BUFFALO, N.Y. (WIVB) — Lacie Boyea is the face of western New York’s worsening heroin epidemic.
“I want to live. I don’t want to die over a drug. I don’t want to kill myself,” said Boyea, 27, who is on her third attempt at treatment.
She’s been hooked for seven years and has tried desperately to get off
Now she’s really scared.
“I know at least five people I can think of right now that have passed away, family included.”
She’s especially afraid of fentanyl, the deadly synthetic painkiller that is showing up in local heroin supplies.
“It’s definitely getting worse,” said John Flickinger, resident agent in charge, U.S. Drug Enforcement Administration, Buffalo office.
Heroin isn’t new but what’s now on the streets is deadlier than ever before.
“Years ago while heroin on the street level would be 5 to 10 percent purity now it’s upwards of 50 percent purity,” said Flickinger.
The DEA has traced the local heroin to South America and then to Mexico where the drug cartels cut it with the painkiller fentanyl to make the heroin even stronger.
“Synthetic fentanyl is approximately 30 to 50 times stronger than heroin and it’s deadly,” Flickinger said. “The equivalent of three to five grams of salt of fentanyl is a lethal dose.
“Mexican cartels are specifically targeting the Northeast and pushing more and more heroin into this area than they have ever done before.”
He says the cartels are making the heroin more potent and more addictive, especially for first time users who can snort it
Flickinger said the information collected by the DEA describes the worsening of the heroin epidemic.
The DEA says about 200 people are overdosing in Erie County every month, up from about 125 a month last year.
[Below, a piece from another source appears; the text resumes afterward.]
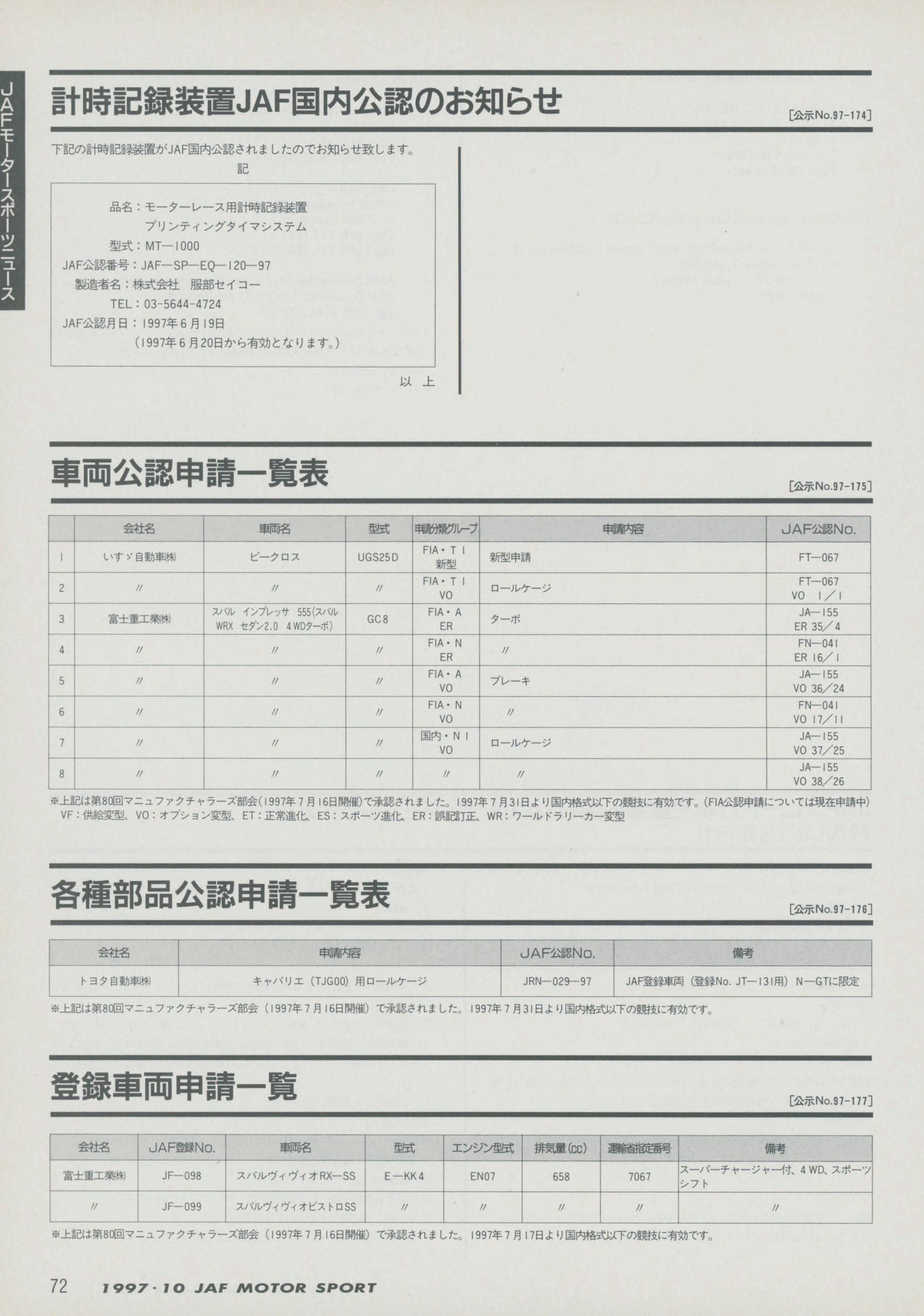 JAFスポーツ 1997年 10月号(第31巻 第8号 1997年10月1日発行)

So far this year, 118 have died from heroin or opioid pill overdoses, according to the Erie County Health Department. Last year, 127 died. At this pace, officials expect that 270 will die by the end of this year.
The death toll could have been even higher.
Since last June through August, first responders in Erie County administered Narcan to 163 persons. Narcan, also known as Naloxone, is a medication that reverses the effects of heroin. Its use has been expanded because it is now available in spray form.
“It’s very frustrating and discouraging for us to know that the problem is still growing,” said Dr. Joshua Lynch, emergency room physician at Millard Fillmore Suburban and DeGraff Memorial Hospitals where he is also the director of pre-hospital care.
“It doesn’t mean that any of us are going to stop but it certainly is hard.”
Lynch is also the medical director for the Amherst Police emergency response team and Mercy Flight. He works closely with first responders and has supplied Amherst volunteer fire companies with Narcan.
Lynch says local police and medical personnel are seeing a shift from abusing pills to injecting drugs like heroin with fentanyl.
“It’s becoming a much bigger problem because people can overdose on those medications very easily and they are fatal a lot of the time. Especially lately with the influx of pharmaceutical grade fentanyl into the Western New York area it turns the drug significantly more potent and causes death a lot easier,” Lynch said.
“So what we think is happening is that drug dealers who are selling to people are cutting it down, are mixing heroin with fentanyl to try to raise the potency so people get a more desirable high and unfortunately that is usually too much for people,” Lynch said.
First time users are also vulnerable, he added.
“Heroin is one of the few drugs that really can addict somebody the first time they use it,” said Lynch. “And that doesn’t have to be the purist kind. It can be regular old cut down heroin and the first time people use they are often addicted and they can’t stop which is really scary if you think about it.”
Flickinger said the epidemic is so rampant that the community needs to get involved. “It is an epidemic that is more than just enforcement,” Flickinger said. “Families, parents, educators have to get the message out that this isn’t a recreational drug that people can experiment with. It’s really like playing Russian roulette
“When people use heroin or are addicted to opiates it really could be the last time you use that drug because they are so deadly.”
Lacie Boyea, who is from Niagara Falls, is in rehab for the third time at Horizon Health Services in Buffalo so she can regain custody of her 2-year old daughter.
Her last treatment round ended in April. The day she walked about of treatment she used heroin.
“I pray.my attitude is totally different than last time,” Boyea said. To help her chances for success, she plans to participate in the agency’s residential program for continuing support.
“I need to be in a safe place still,” she said. “I need somebody to help me. I can’t help myself.”
Boyea also knows that she needs to succeed for herself. “You can’t do it for anybody but yourself. I thought I could do it for my daughter. It didn’t work so I am here to do it for myself this time. She’s a motivator, obviously but I have to do it for myself.”
Every day, she fights heroin’s pull.
To get it, she stole, lied and cheated.
“But the worst was ultimately selling myself,” she said.
It’s a life she wants to leave behind.
“Every time you do it, it takes a chunk of your soul away.”